Problem 1.2 DC Electrical power is product of current times voltage, \(\mathsf{\mathbb{P}}=i\,v\) A DC motor and the system it drives was de-energized, before the DC motor’s power source provided it the current i at the voltage v , shown in Fig. P.1.2 a and b.

Fig. P1.2 a DC current i (t ) driving a motor. b Voltage v (t ) of the power supply

Problem 1.3 A piping system is shown in Fig. P1.3 . The fluid is modeled as incompressible. Consequently, the continuity equations can be written in terms of volume flow rate, Q, rather than in terms of mass flow rate. The branches are identified by letter, and pressure nodes between the branches are numbered.

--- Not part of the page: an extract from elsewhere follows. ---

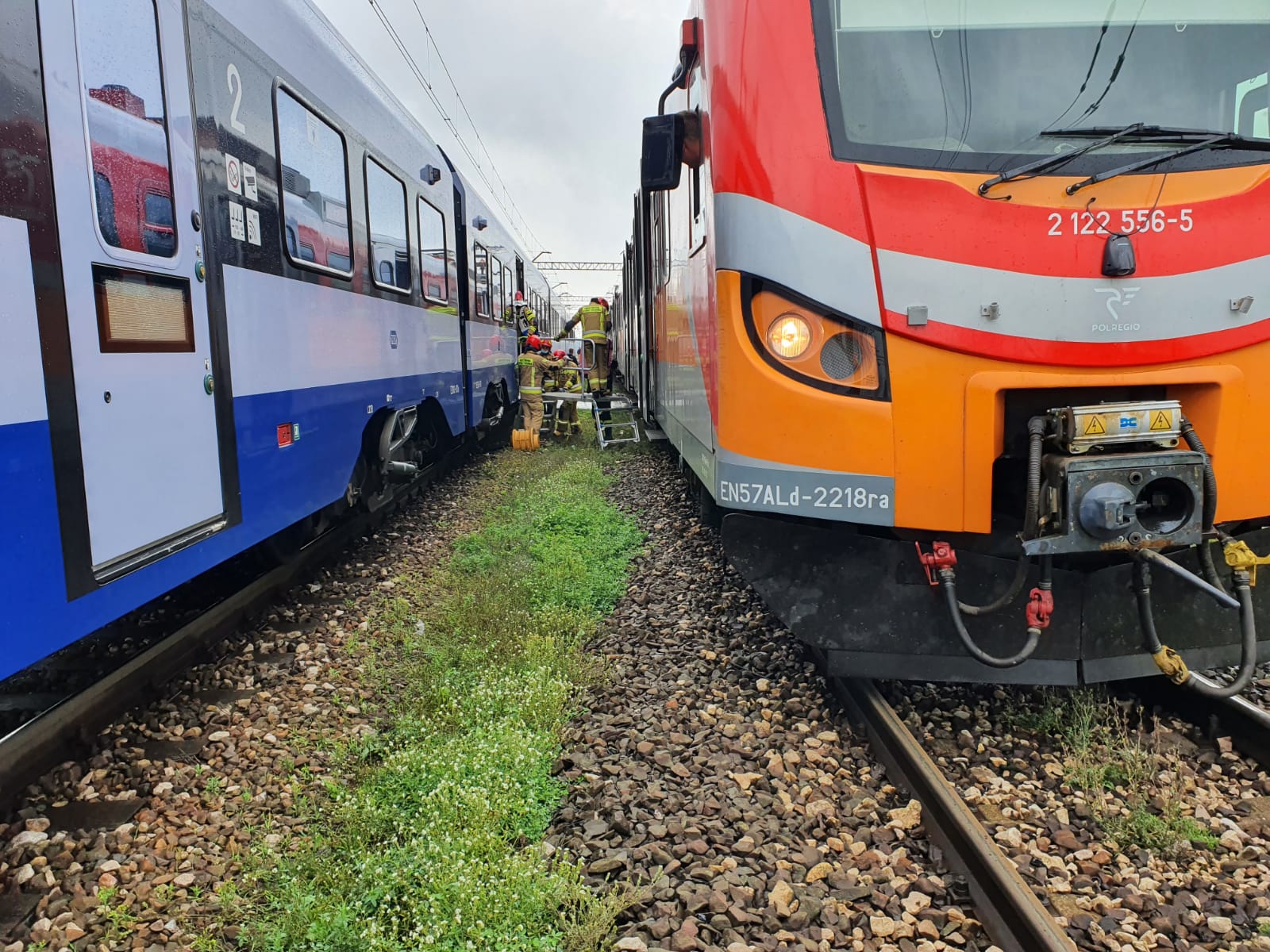 Działania jednostek ochrony przeciwpożarowej polegały na zabezpieczeniu miejsca zdarzenia i pomocy pasażerom w przesiadce do sprawnego pociągu, który został podstawiony przez przewoźnika na sąsiedni tor. Z uwagi na znaczną wysokość od stopnia pociągu do nasypu kolejowego strażacy sprawili podest ratowniczy, po którym wszyscy pasażerowie w asekuracji ratowników bezpiecznie przeszli do zastępczego pociągu. Trudna i nietypowa akcja została zakończona sukcesem.

Fig. P1.3 Piping system schematic. The fluid is modeled as incompressible. There is fluid resistance in each branch, which decreases pressure in the direction of the fluid flow

1.3.a Orient the flow in each branch. The positive direction for flow through pump is from node 5 to node 1.

1.3.b Write a complete set of independent compatibility equations in the form of path equations.

1.3.c Write a complete set of independent continuity equations for volume flow rate.

Problem 1. 4 A piping system is shown in Fig. P1.4 . The fluid is modeled as incompressible. Consequently, the continuity equations can be written in terms of volume flow rate, Q, rather than in terms of mass flow rate. The branches are identified by letter, and pressure nodes between the branches are numbered.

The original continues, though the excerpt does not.